Extracted information Start Marker
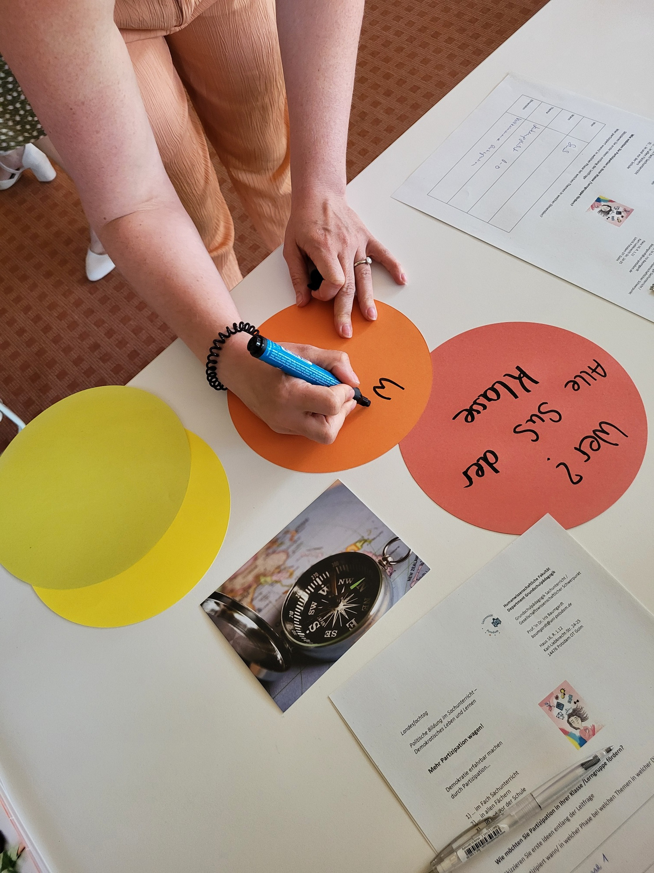 Die anschließenden Workshops konkretisierten vielfältige Umsetzungsmöglichkeiten im Sachunterricht. Neben den interessierten Lehrkräften und Lehrkräften im Vorbereitungsdienst hatten auch Studierende aus dem Seminar "Gesellschaftswissenschaftlicher Sachunterricht in Theorie und Praxis" (Institut Sachunterricht, EUF) die tolle Möglichkeit an dem Landesfachtag teilzunehmen. Es gab beispielsweise Workshops zu den Themen: “Demokratiebildung im Grundschulalter”, “Manipulative Designs – Wie beeinflussen Dark Patterns, Cookies und Tracking bereits Grundschulkinder?“, ”Ki und Demokratiebildung – Chancen schon für die Grundschule?".
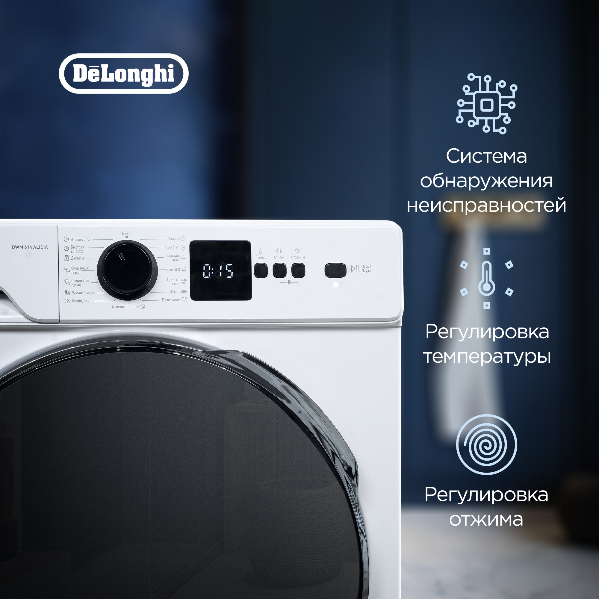 Стиральная машина DeLonghi "Alicia" DWM 1135, 15 программ, функция пара, загрузка 10,5 кг, инверторный мотор
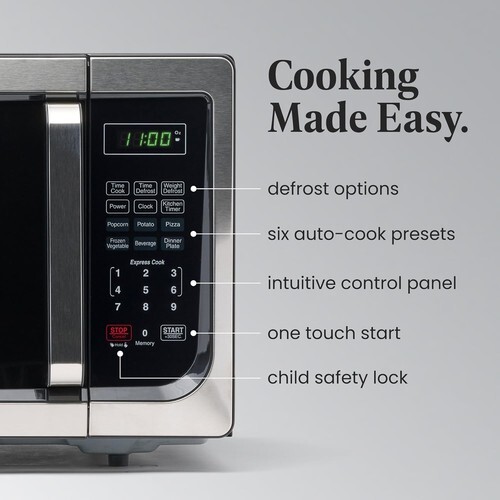 This microwave oven is the ideal size for office break rooms or home kitchens. One-touch cooking programs let you cook six of the most popular food items with the touch of a button. Choose from ten power levels up to 900. The large digital screen has a clock feature and can display a countdown timer in addition to the remaining cook time. The memory function lets you customize and save your favorite settings, and the large door has an easy-grip handle and child-safety lock.
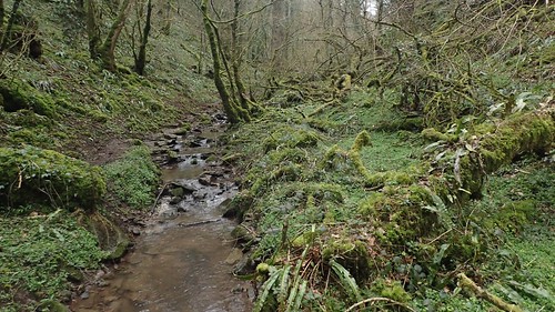 A few years ago, I was walking along Biddle Combe in Wells – across the A39 from Penn Hill and very close to a Lorry Escape Lane where I once got my car stuck… I was following the main path up through the combe and alongside a stream. Somehow, I passed the obvious footbridge on my left, crossing the stream and leading to a path climbing up the hill. I soldiered on, following a “path” (possibly animal tracks) alongside the stream. I was determined that I was going the right way; even ducking beneath two lines of barbed wire before reaching a dead-end at a boundary fence.
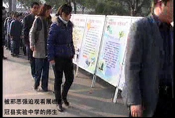 为了继续营造迫害氛围,冠县“六一零”于二零一一年五月底组织全县范围内的邪恶宣传,颠倒黑白诬陷法轮功。五月二十七日上午,公安局副局长王勇和“六一零办公室”副主任石学增在清泉中学教学楼前为此活动打气,他们胁迫两千多名在校中学生参观诬陷法轮功的展板并强制在支持邪党迫害法轮功的征签布上签字。王勇叫嚣要让这个活动进乡村、进社区、进企业并长期维持下去。
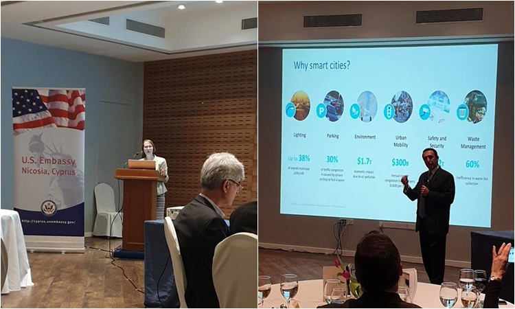 Οσον αφορά την παρουσίαση για τις Εξυπνες Πόλεις «την οποία προσφώνησε η Πρέσβης των ΗΠΑ, έγιναν παρουσιάσεις και επεξηγήθηκαν οι προοπτικές και οι τρόποι μετατροπής μιας πόλης σε «Εξυπνη Πόλη» από εκπροσώπους των εταιρειών CISCO και LOGICOM, ενώ ομιλία απηύθυνε και ο Δήμαρχος Τρικάλων, μιας πραγματικά «έξυπνης πόλης».
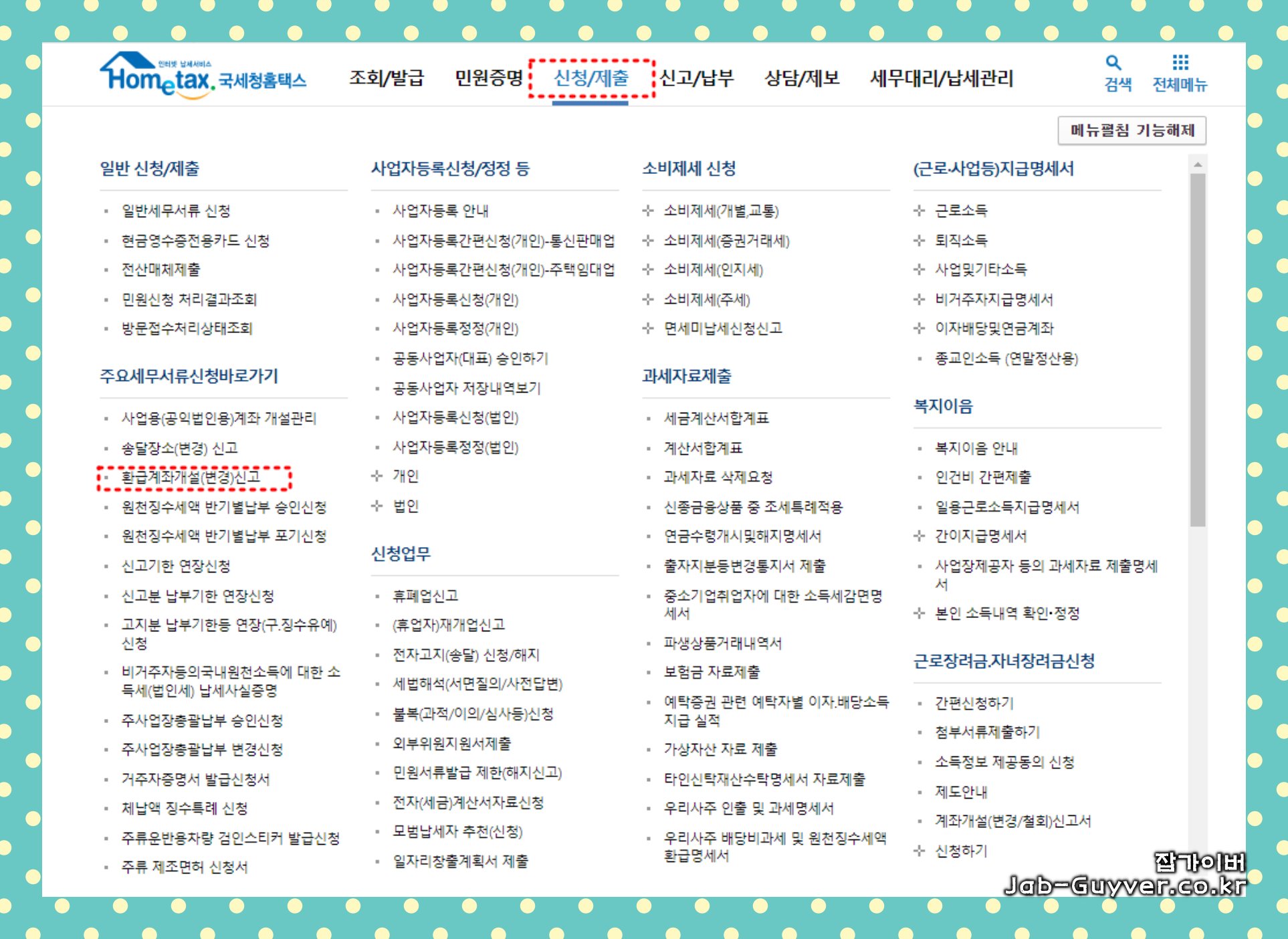 "신청/제출" 메뉴로 이동하여 "환급계좌개설(변경)신고"를 선택합니다.
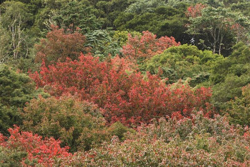 玉山國家公園塔塔加園區,秋冬季節天氣轉為乾冷,山區已展現楓紅景觀,尤其省道台18線沿路,可見轉色的紅榨槭鑲嵌山林,為滿山綠林增添「楓」情,預計12月中旬可達高峰。
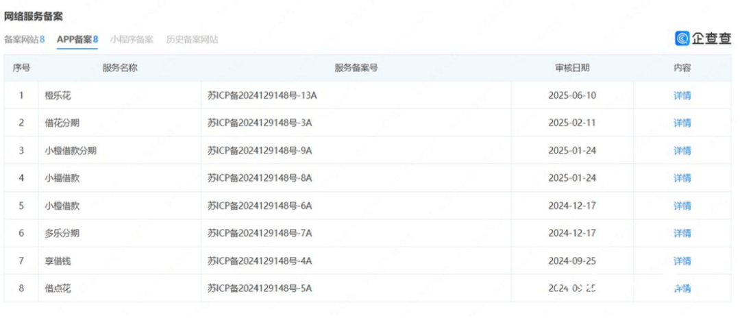 不仅如此,据媒体报道,今年以来乐在科技小贷在 APP 备案方面动作频繁,自 2024 年下半年至 2025 年上半年,大量借贷 APP 通过审核。
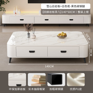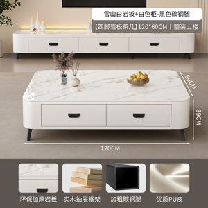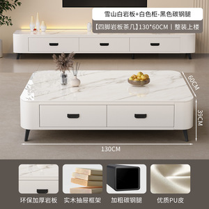 【四脚岩板茶几】雪山白岩板+白色柜-黑色碳钢腿140*60丨整装上楼
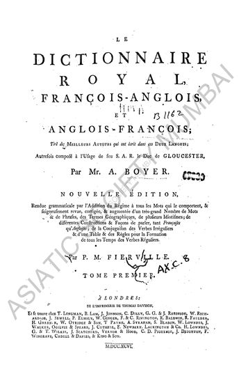The Royal Dictionary, French and English and English and French, extracted from the Writings of the best Authors in both Languages, formerly composed for the use of his Late Royal Highness the Duke of Gloucester, New ed., Vol. II
Extracted information End Marker
Task requirements
Drop the pictures; repeat each entry above exactly.

Written response
 Die anschließenden Workshops konkretisierten vielfältige Umsetzungsmöglichkeiten im Sachunterricht. Neben den interessierten Lehrkräften und Lehrkräften im Vorbereitungsdienst hatten auch Studierende aus dem Seminar "Gesellschaftswissenschaftlicher Sachunterricht in Theorie und Praxis" (Institut Sachunterricht, EUF) die tolle Möglichkeit an dem Landesfachtag teilzunehmen. Es gab beispielsweise Workshops zu den Themen: “Demokratiebildung im Grundschulalter”, “Manipulative Designs – Wie beeinflussen Dark Patterns, Cookies und Tracking bereits Grundschulkinder?“, ”Ki und Demokratiebildung – Chancen schon für die Grundschule?".
 Стиральная машина DeLonghi "Alicia" DWM 1135, 15 программ, функция пара, загрузка 10,5 кг, инверторный мотор
 This microwave oven is the ideal size for office break rooms or home kitchens. One-touch cooking programs let you cook six of the most popular food items with the touch of a button. Choose from ten power levels up to 900. The large digital screen has a clock feature and can display a countdown timer in addition to the remaining cook time. The memory function lets you customize and save your favorite settings, and the large door has an easy-grip handle and child-safety lock.
 A few years ago, I was walking along Biddle Combe in Wells – across the A39 from Penn Hill and very close to a Lorry Escape Lane where I once got my car stuck… I was following the main path up through the combe and alongside a stream. Somehow, I passed the obvious footbridge on my left, crossing the stream and leading to a path climbing up the hill. I soldiered on, following a “path” (possibly animal tracks) alongside the stream. I was determined that I was going the right way; even ducking beneath two lines of barbed wire before reaching a dead-end at a boundary fence.
 为了继续营造迫害氛围,冠县“六一零”于二零一一年五月底组织全县范围内的邪恶宣传,颠倒黑白诬陷法轮功。五月二十七日上午,公安局副局长王勇和“六一零办公室”副主任石学增在清泉中学教学楼前为此活动打气,他们胁迫两千多名在校中学生参观诬陷法轮功的展板并强制在支持邪党迫害法轮功的征签布上签字。王勇叫嚣要让这个活动进乡村、进社区、进企业并长期维持下去。
 Οσον αφορά την παρουσίαση για τις Εξυπνες Πόλεις «την οποία προσφώνησε η Πρέσβης των ΗΠΑ, έγιναν παρουσιάσεις και επεξηγήθηκαν οι προοπτικές και οι τρόποι μετατροπής μιας πόλης σε «Εξυπνη Πόλη» από εκπροσώπους των εταιρειών CISCO και LOGICOM, ενώ ομιλία απηύθυνε και ο Δήμαρχος Τρικάλων, μιας πραγματικά «έξυπνης πόλης».
 "신청/제출" 메뉴로 이동하여 "환급계좌개설(변경)신고"를 선택합니다.
 玉山國家公園塔塔加園區,秋冬季節天氣轉為乾冷,山區已展現楓紅景觀,尤其省道台18線沿路,可見轉色的紅榨槭鑲嵌山林,為滿山綠林增添「楓」情,預計12月中旬可達高峰。
 不仅如此,据媒体报道,今年以来乐在科技小贷在 APP 备案方面动作频繁,自 2024 年下半年至 2025 年上半年,大量借贷 APP 通过审核。
 【四脚岩板茶几】雪山白岩板+白色柜-黑色碳钢腿140*60丨整装上楼
The Royal Dictionary, French and English and English and French, extracted from the Writings of the best Authors in both Languages, formerly composed for the use of his Late Royal Highness the Duke of Gloucester, New ed., Vol. II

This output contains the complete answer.